Curae Law’s cost-effective demand letters produce a much higher volume of debt recoveries for our clients than legal action. For one reason, some recipients settle claims they might otherwise dispute simply to protect their credit rating. But what if you could force a slow-paying corporation to pay up or risk being wound up? And at minimal cost for your trouble?
Such is the power of a statutory demand.
If a corporation (a public or proprietary limited company) owes you more than $2,000 you may serve it with a statutory demand pursuant to section 459E of the Corporations Act. You must verify your demand by an affidavit if you have not already obtained a judgment. It’s important to get the formalities right to avoid your demand quashed on a technicality.

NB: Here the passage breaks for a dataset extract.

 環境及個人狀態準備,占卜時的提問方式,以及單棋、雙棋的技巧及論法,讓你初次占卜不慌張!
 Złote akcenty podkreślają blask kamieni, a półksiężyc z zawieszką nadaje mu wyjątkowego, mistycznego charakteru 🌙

Once served, the corporation has 21 days to either:
- pay the debt; or
- apply to the Supreme Court or Federal Court to have your demand set aside.

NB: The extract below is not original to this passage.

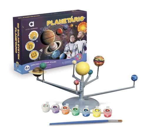 Juego educativo para construir y pintar el sistema solar. Incluye maquetas en 3D del sol y los planetas, guía explicativa y pinturas para decorar.

If it fails to act, any creditor may then apply to the Court for the corporation to be wound up and a liquidator appointed. The corporation can no longer dispute the merits of your claim.

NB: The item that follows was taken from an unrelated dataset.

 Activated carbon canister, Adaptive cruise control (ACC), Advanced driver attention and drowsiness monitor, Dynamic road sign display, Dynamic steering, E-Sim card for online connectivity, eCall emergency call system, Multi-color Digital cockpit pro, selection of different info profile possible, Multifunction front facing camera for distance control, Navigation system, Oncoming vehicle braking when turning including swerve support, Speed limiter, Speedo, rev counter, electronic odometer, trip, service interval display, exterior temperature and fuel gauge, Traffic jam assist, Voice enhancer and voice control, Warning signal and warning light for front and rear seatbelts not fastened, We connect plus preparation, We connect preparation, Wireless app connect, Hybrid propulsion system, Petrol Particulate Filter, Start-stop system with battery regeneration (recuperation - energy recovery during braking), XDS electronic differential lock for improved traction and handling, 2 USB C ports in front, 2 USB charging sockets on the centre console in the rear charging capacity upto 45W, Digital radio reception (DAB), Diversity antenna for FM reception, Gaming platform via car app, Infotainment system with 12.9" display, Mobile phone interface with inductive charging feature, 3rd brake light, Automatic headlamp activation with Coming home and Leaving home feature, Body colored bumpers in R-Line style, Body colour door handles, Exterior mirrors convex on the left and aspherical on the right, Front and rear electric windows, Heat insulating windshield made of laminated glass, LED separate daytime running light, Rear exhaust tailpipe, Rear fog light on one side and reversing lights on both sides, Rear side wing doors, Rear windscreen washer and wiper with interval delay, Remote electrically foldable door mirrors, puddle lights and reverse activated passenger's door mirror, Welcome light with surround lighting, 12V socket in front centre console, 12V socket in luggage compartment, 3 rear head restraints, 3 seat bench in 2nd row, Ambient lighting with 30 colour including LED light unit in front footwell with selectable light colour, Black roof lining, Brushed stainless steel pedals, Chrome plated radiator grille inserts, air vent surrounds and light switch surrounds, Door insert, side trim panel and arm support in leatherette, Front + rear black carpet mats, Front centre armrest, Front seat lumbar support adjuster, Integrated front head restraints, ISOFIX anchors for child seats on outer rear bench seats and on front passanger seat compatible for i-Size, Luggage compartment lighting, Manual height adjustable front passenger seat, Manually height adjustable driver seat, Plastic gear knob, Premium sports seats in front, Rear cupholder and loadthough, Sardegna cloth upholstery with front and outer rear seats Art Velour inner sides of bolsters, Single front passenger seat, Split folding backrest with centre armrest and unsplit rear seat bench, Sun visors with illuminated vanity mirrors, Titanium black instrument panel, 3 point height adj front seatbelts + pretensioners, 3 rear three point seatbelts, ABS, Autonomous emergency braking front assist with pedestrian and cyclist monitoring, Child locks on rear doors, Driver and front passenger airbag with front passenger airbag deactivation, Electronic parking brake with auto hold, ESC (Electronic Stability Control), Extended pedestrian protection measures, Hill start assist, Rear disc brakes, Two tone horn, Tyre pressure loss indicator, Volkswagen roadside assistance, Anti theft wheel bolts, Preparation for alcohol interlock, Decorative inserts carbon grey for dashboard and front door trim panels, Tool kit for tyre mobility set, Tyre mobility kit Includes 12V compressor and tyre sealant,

Liquidation is the corporate equivalent of death. Whilst some corporations might defend debt collection proceedings if only for delay, few are prepared to risk their very existence for the sake of non-payment.
Statutory demands are relatively inexpensive. Unlike court writs and summonses, they are not publicly reported – so the threat of unwanted publicity from a writ or summons remains potent. Only the Supreme Court or the Federal Court can set them aside – so there’s no incentive for the debtor to incur the costs involved (around $6,000) unless there is a genuine dispute.
Of course, statutory demands are not always the solution. You must be sure that there is no reasonable defence to your claim. Otherwise you may end up paying the costs of setting your demand aside.
This said, statutory demands are an effective and little understood weapon in the battle to collect slow debts.